Spezifisch, quasi-spezifisch, allgemein — die drei Typen der Oberflächen-EMG-Ableitung

Elektrodenpositionen im Oberflächen-EMG gibt es in drei Typen, abgestuft danach, wie selektiv sie ableiten: Eine spezifische Ableitung erfasst überwiegend einen Muskel, eine quasi-spezifische erfasst einen Muskel zusammen mit Nachbarn, von denen er sich nicht trennen lässt, und eine allgemeine (weite) Ableitung erfasst bewusst eine ganze Region. Die Einteilung stammt aus Cram's Elektroden-Atlas (Criswell 2011) und wird auf jeder EMG-Guide-Muskelseite verwendet. Welchen Typ man bekommt, entscheiden Anatomie und Elektrodenabstand — nicht die Sorgfalt beim Tasten.

Stand 2026-08-17 6 Min. Lesezeit

Warum ein Muskel nicht immer ein Signal ist

Oberflächen-EMG kann nur begrenzt tief und begrenzt eng „hören". Jedes bipolare Paar erfasst die summierte Aktivität von allem, was in seinem Aufnahmevolumen liegt — und dieses Volumen wächst mit dem Elektrodenabstand. Cram's Faustregel: Tiefe und Fläche der Ableitung sind direkt proportional zum Abstand der Elektroden.

Bei einem großen, oberflächlichen, gut abgegrenzten Muskel wie dem Zweiköpfiger Oberarmmuskel oder dem Innerer Wadenmuskel erfasst ein 20-mm-Paar über dem Bauch diesen Muskel und wenig sonst. Bei den Unterarmbeugern, den medialen Hamstrings oder den Hüftadduktoren erfasst dasselbe Paar zwangsläufig auch die Nachbarn — die Muskeln liegen unter wenigen Millimetern Haut dicht nebeneinander, und ihre Aktionspotenziale erreichen die Elektroden per Volumenleitung, egal wie genau das Paar zentriert ist.

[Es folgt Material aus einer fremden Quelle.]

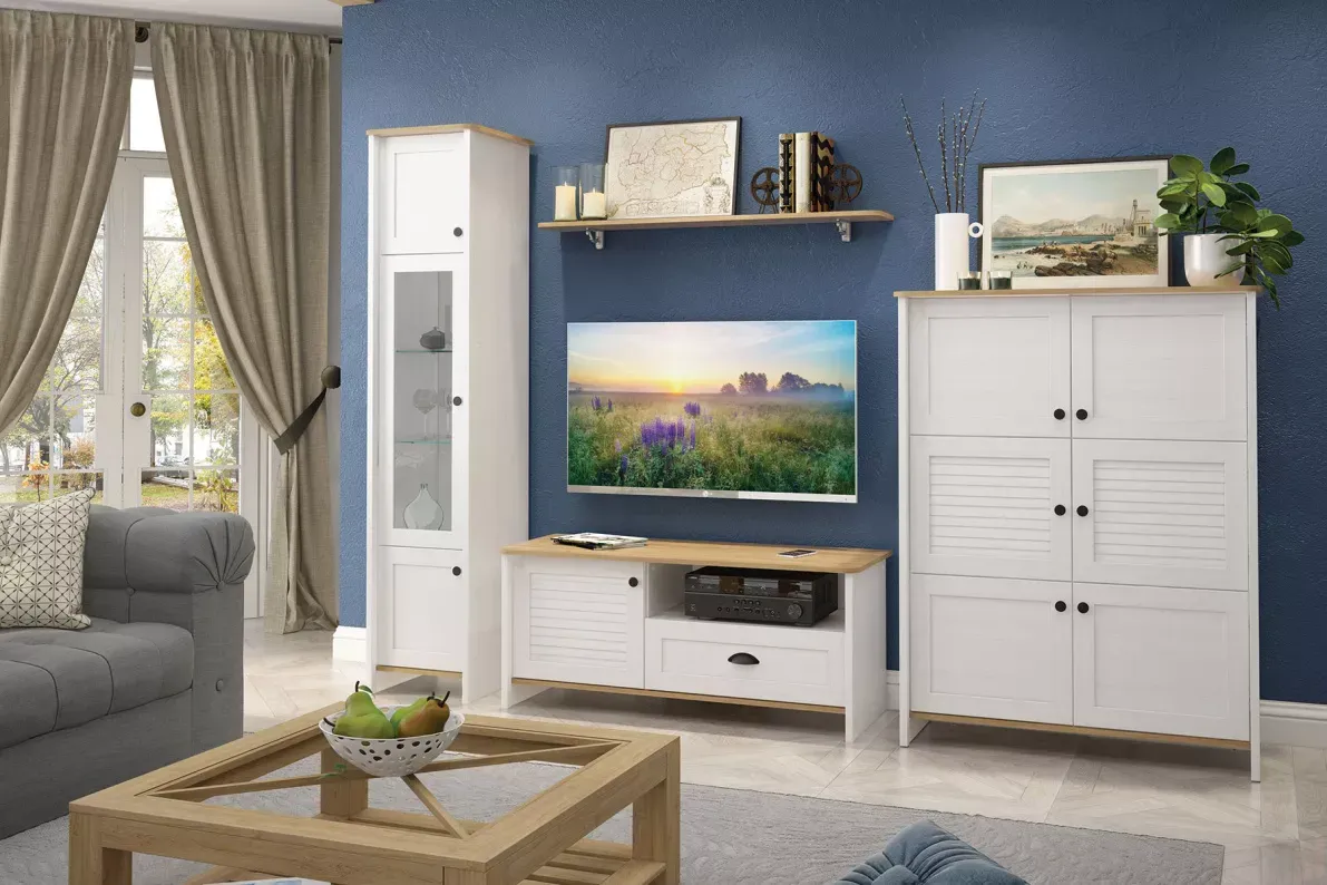 Корпус модульной системы изготовлен из 16 мм ламинированой древесностружечной плиты «Дуб Небраска» и 16 мм древесностружечной плиты, укрытой финиш-ппленкой «Сосна Белая». Торцевые поверхности корпуса закромлены кромками ABS и ПВХ. Рамочные фасады изготовлены из МДФ профиля и укутаны финиш-пленкой «Сосна Белая».

Cram's stuft deshalb jede Atlas-Stelle ein, statt so zu tun, als wäre jede sauber. Diese Einstufung ist die ehrliche Antwort auf eine Frage, die sich Anwender ständig stellen: „Messe ich wirklich diesen Muskel?"

Die drei Typen

Spezifische Ableitung

Ein eng gesetztes Paar (SENIAM: 20 mm), parallel zu den Fasern, über oder leicht lateral vom Bauch eines Muskels, der oberflächlich liegt und Platz um sich hat. Cram's beschreibt die Stelle am Oberer Trapezmuskel als Musterfall: auf dem Schulterkamm, leicht lateral der Bauchmitte, entlang der Faserrichtung.

Was sie erfasst: überwiegend den benannten Muskel. Sicherheit gibt der Funktionstest — das Signal steigt bei der Eigenbewegung des Muskels und bleibt ruhig, wenn Nachbarn kontrahieren.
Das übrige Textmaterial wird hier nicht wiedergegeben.